Return only the lines from the top of the data down to the one that holds "- 【ふるさと納税】【選べるサイズ】日本製 カシミヤ100%", both included, without any pictures.

─── RECORDED DATA ───

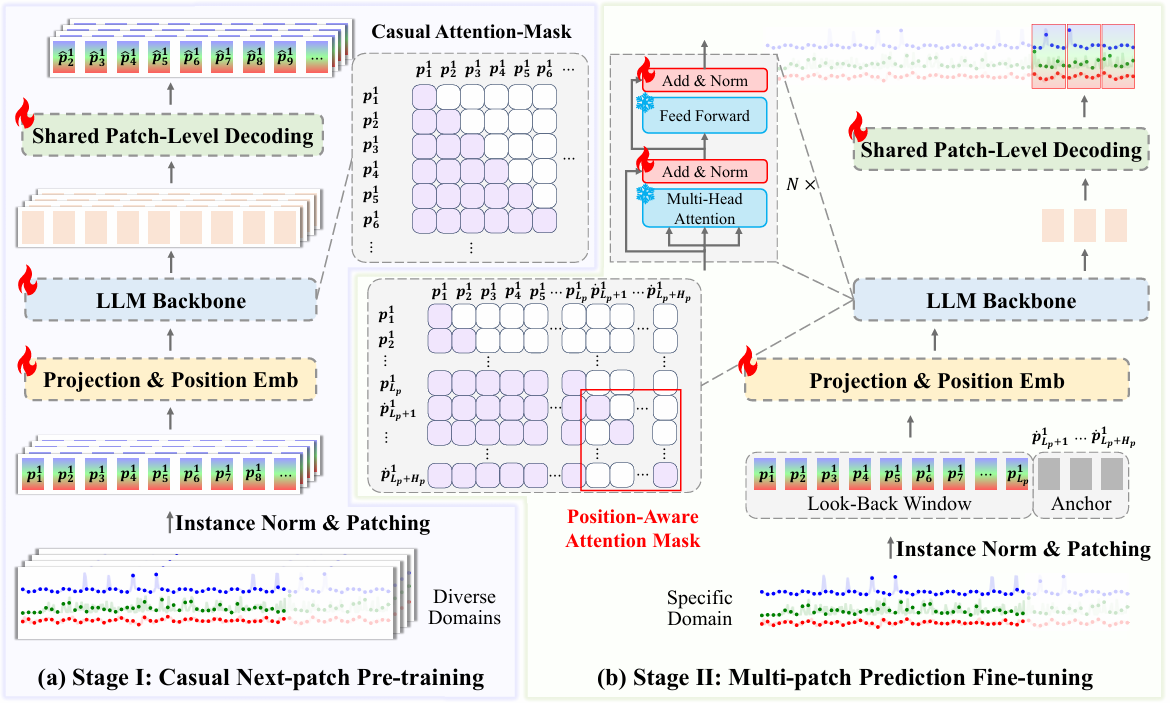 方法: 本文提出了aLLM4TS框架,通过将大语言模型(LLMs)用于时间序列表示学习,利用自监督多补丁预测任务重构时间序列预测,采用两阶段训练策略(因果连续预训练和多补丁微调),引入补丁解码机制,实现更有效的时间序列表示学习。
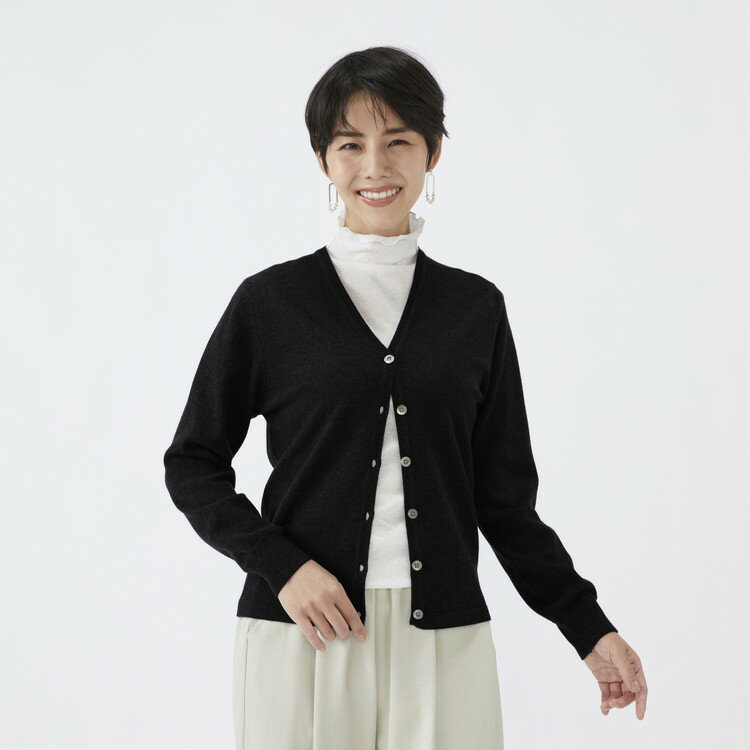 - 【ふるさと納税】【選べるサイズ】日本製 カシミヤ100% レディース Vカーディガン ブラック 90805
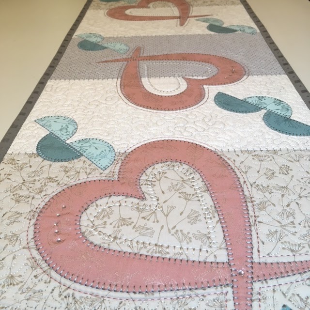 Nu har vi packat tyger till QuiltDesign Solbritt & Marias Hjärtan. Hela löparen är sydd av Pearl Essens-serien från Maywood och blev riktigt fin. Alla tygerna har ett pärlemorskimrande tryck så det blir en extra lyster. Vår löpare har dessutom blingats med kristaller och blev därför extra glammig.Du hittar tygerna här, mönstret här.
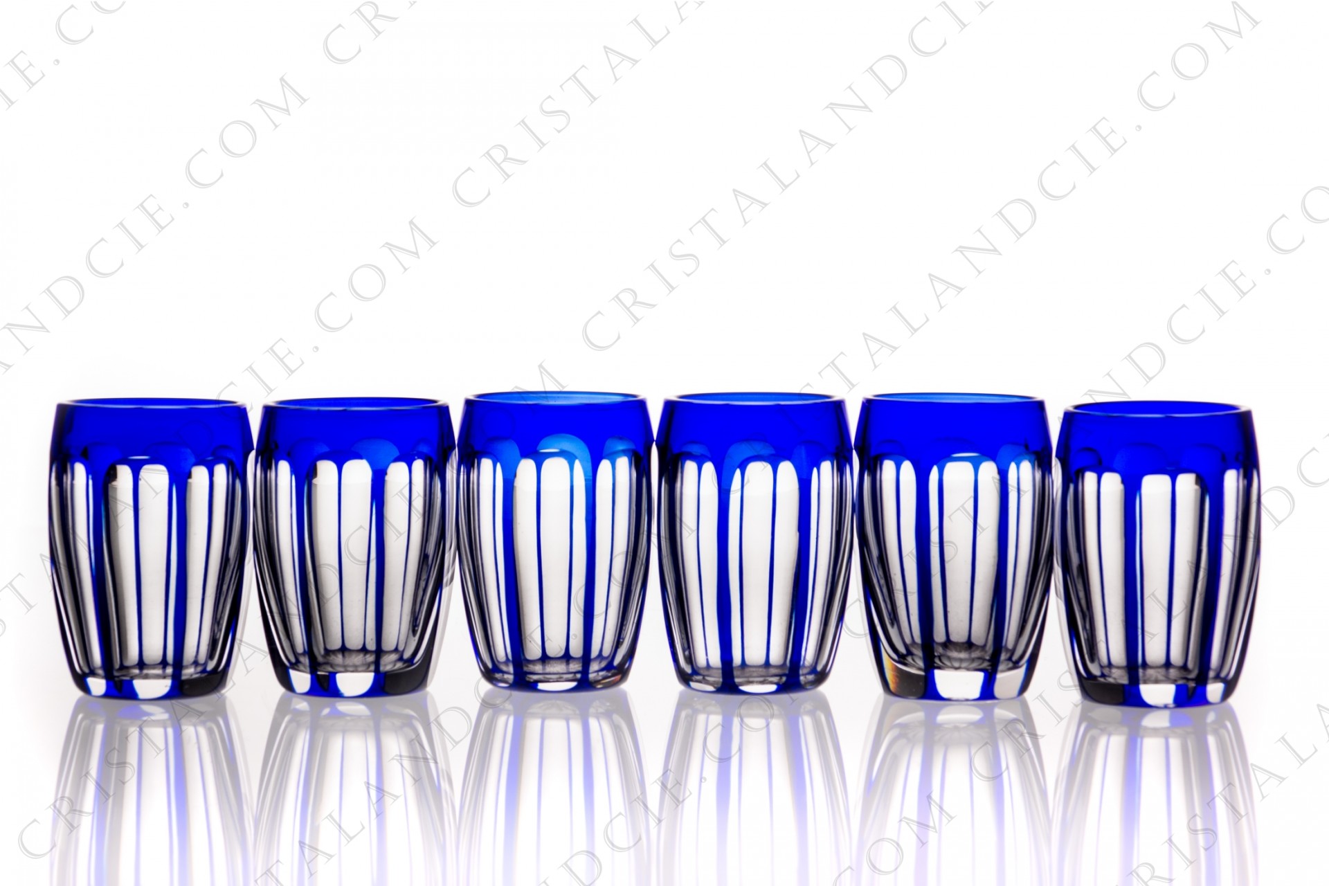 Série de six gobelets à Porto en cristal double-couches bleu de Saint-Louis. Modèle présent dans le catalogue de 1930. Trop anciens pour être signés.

───

§ **RESPONSE TO THIS EXERCISE**
 方法: 本文提出了aLLM4TS框架,通过将大语言模型(LLMs)用于时间序列表示学习,利用自监督多补丁预测任务重构时间序列预测,采用两阶段训练策略(因果连续预训练和多补丁微调),引入补丁解码机制,实现更有效的时间序列表示学习。
 - 【ふるさと納税】【選べるサイズ】日本製 カシミヤ100% レディース Vカーディガン ブラック 90805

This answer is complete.